The more time spent on work emails outside of working hours, the greater the instances of emotional exhaustion – and the average person in Belkin’s study spent eight hours a week checking emails out of hours. Subsequent research by Virginia Tech University found that people don’t have to check emails, but just have to believe they’re expected to, to trigger significant amounts of anxiety.
As well as causing anxiety that ripples out to friends and family, there are other serious health implications from staying connected. “If we don’t switch off from work we don’t recover from work,” says Anna Cox, professor of human-computer interaction at University College London, who specialises in researching work-life balance. “Initially that starts to affect your productivity. When you work you’re tired. Ultimately, if you don’t recover from work properly, it can lead to all sorts of physical and mental health problems.”

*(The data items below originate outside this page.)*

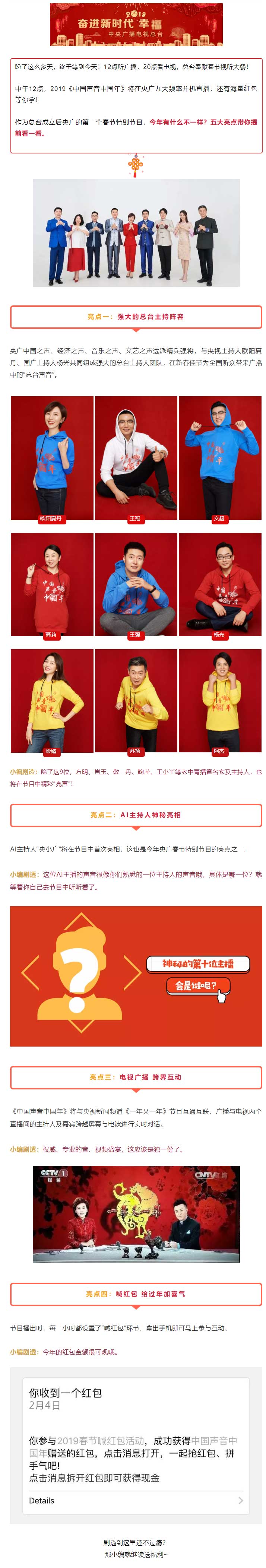 中午12點,2019《中國聲音中國年》將在央廣九大頻率并機直播,還有海量紅包等你拿!
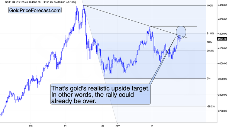 Consequently, I’d view the move to $4,250 or so in gold futures as the possible, but not the most likely outcome. Also, while I’m forecasting silver at much higher prices in the following years, I don’t think we’ll get there without a medium-term decline first.
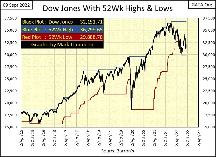 That plus, it’s been nine months since the Dow Jones made its last 52Wk high, which was also its last all-time high. So, is the Dow Jones fated to once again push its 52Wk line upwards again, which as a bull one must be expecting. Or, in early January of next year, is the Dow Jones 52Wk line destined to once again begin falling down towards the deflating Dow Jones, which is the bear’s view of the market.
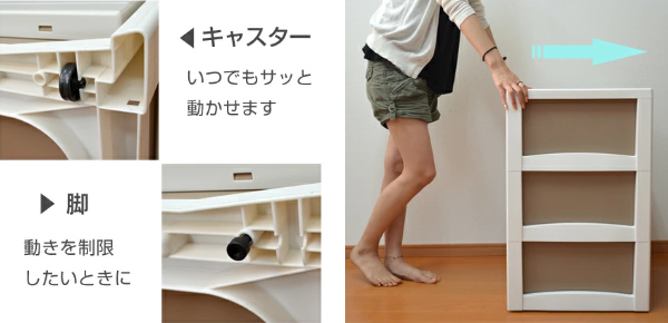 | キャスター・脚付き グッとはめ込むだけでセット完了です。必要に応じて使い分けることができます。 | 移動もラクラク キャスターを付ければ軽く押すだけで前後にスーッと移動可能です。お掃除の際にすぐ動かせるのでとても便利です(画像は3段)。 |
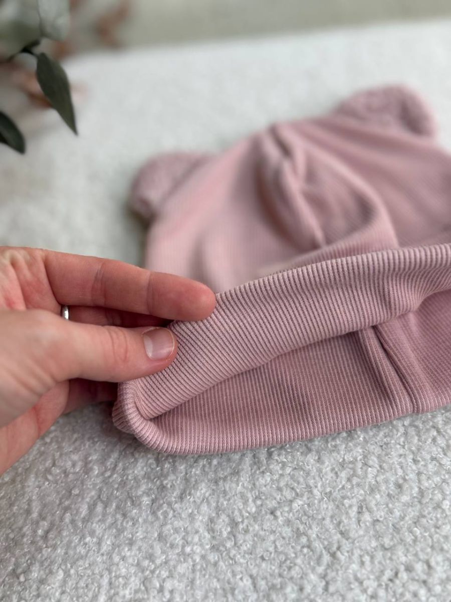 Модель виконана з м’якого, приємного до тіла трикотажу, який добре тягнеться та комфортно облягає голову дитини. Подвійний шар тканини забезпечує додаткове тепло та захист від вітру. Оригінальні об’ємні вушка додають образу ніжності та роблять шапочку особливо милою.
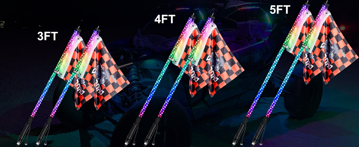 • ⚡【نظام تطبيق متعدد الوظائف】يمكن لمصابيح السوط ATV مع مزامنة الموسيقى ووظيفة الاستجابة الصوتية أن ترقص على إيقاع موسيقى الهاتف أو موسيقى السيارة أو صوتك. يمكنك أيضًا ضبط الوقت لمفتاح مؤقت ضوء السوط. علاوة على ذلك، تتميز سياطنا المضيئة بالتوجيه الأيسر والأيمن، وتزامن تحذير الفرامل والرجوع للخلف من أجل سلامة القيادة، وهي إضافة فريدة لا يمتلكها معظم المنافسين.
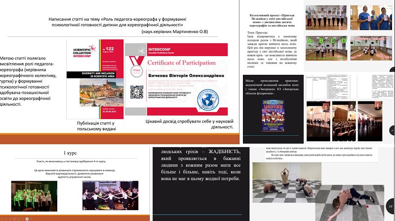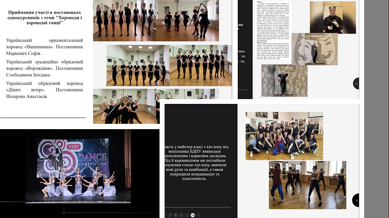 Зацікавленість студентів окресленою проблематикою виявилася і під час формування індивідуальної траєкторії навчання через вибіркову компоненту «Блогінг» (викладач – доцент кафедри соціальних комунікацій Роман Костромицький), метою якої є формування у здобувачів навичок створення та ведення авторського блогу професійного спрямування. Крім того, цьогоріч у зміст І етапу Всеукраїнської олімпіади з хореографії було включено завдання щодо презентації ЕСЕ на тему «Образ ідеального хореографа», що визначило бачення студентами сучасного фахівця.
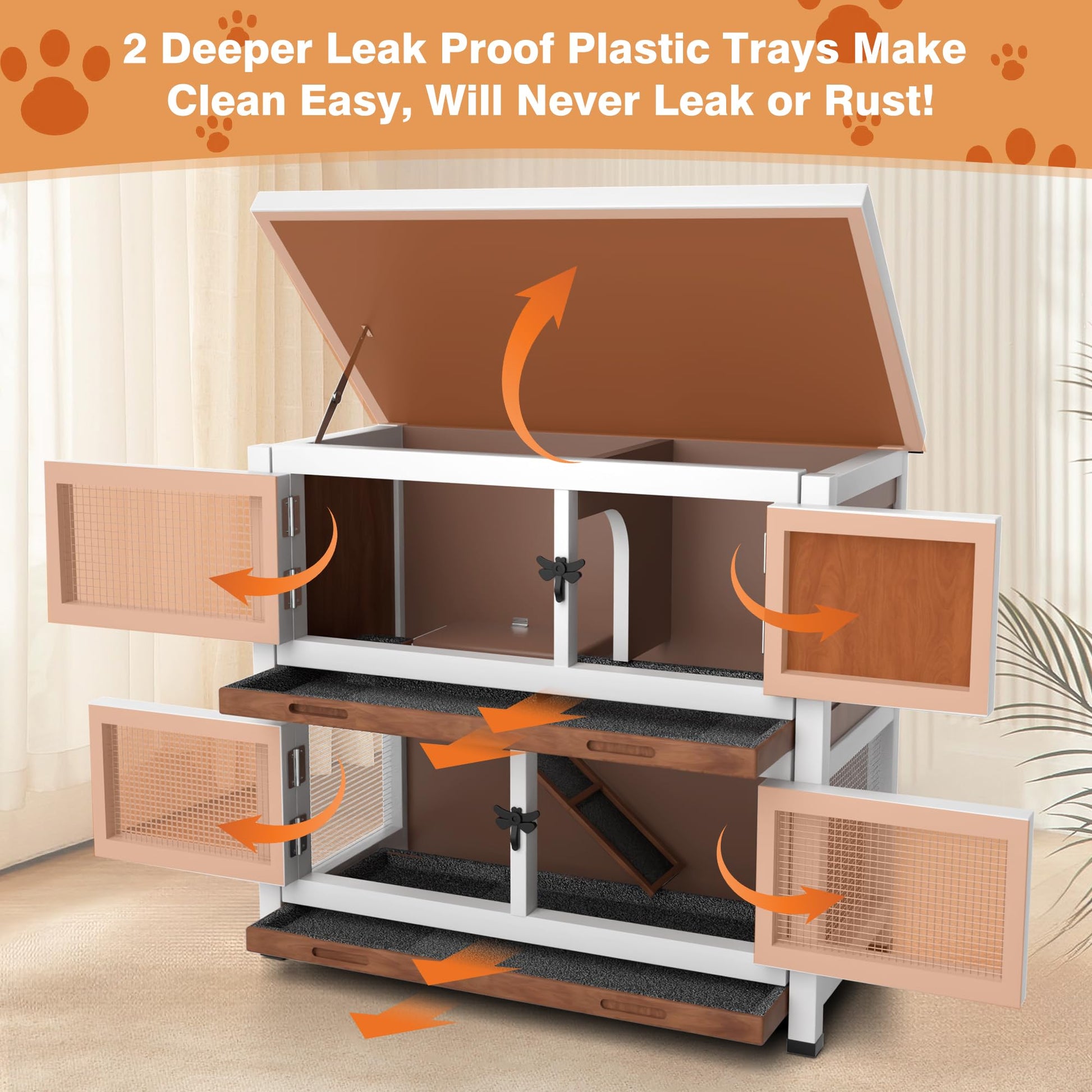 Easy Cleaning Design: Features two quality plastic pull-out trays that are leak-proof and rust-resistant, making cleaning hassle-free and maintaining a sanitary environment for your pets.

Data gathered by a regular survey of employees for the European Working Conditions Survey shows that those who report working more outside regular working hours, for instance, report higher levels of cardiovascular conditions and musculoskeletal pain.
But a blanket ban on emails outside working hours isn’t universally welcomed.
In France for instance, Gonord is uncertain whether the law has worked as designed. His employer didn’t compel him to check emails even before the introduction of the right to disconnect, but he would occasionally check in in order to keep projects on track. “If your company enforces the right to disconnect – by shutting down email access to employees – you have no choice to disconnect,” he says. “I’d feel a pressure, which is what the law was trying to prevent.”
Others feel enshrining the weekend in law won’t necessarily be effective, nor that it will be likely to be implemented in other countries.
“We’re a long way from that, I think, when you think about the way we have so much flexibility,” explains Cox. She believes we’ve swung so far away from traditional 9-to-5 working that implementing strict “timetables” for checking emails would be as vehemently opposed in the UK or the US as it was supported in France.
There’s one further concern, too.
“It’s unenforceable,” says Cooper. “If you’re feeling job insecure and there’s high unemployment like they have in France, are you going to go to your employer and say, ‘I’m sorry, I’m taking you to court?’”
Instead, Cooper feels co-operation is needed between workers and their employers to ensure they’re able to enjoy time away from the screen and the stresses of email. Delete your work email account from your inbox, and leave the worries until Monday.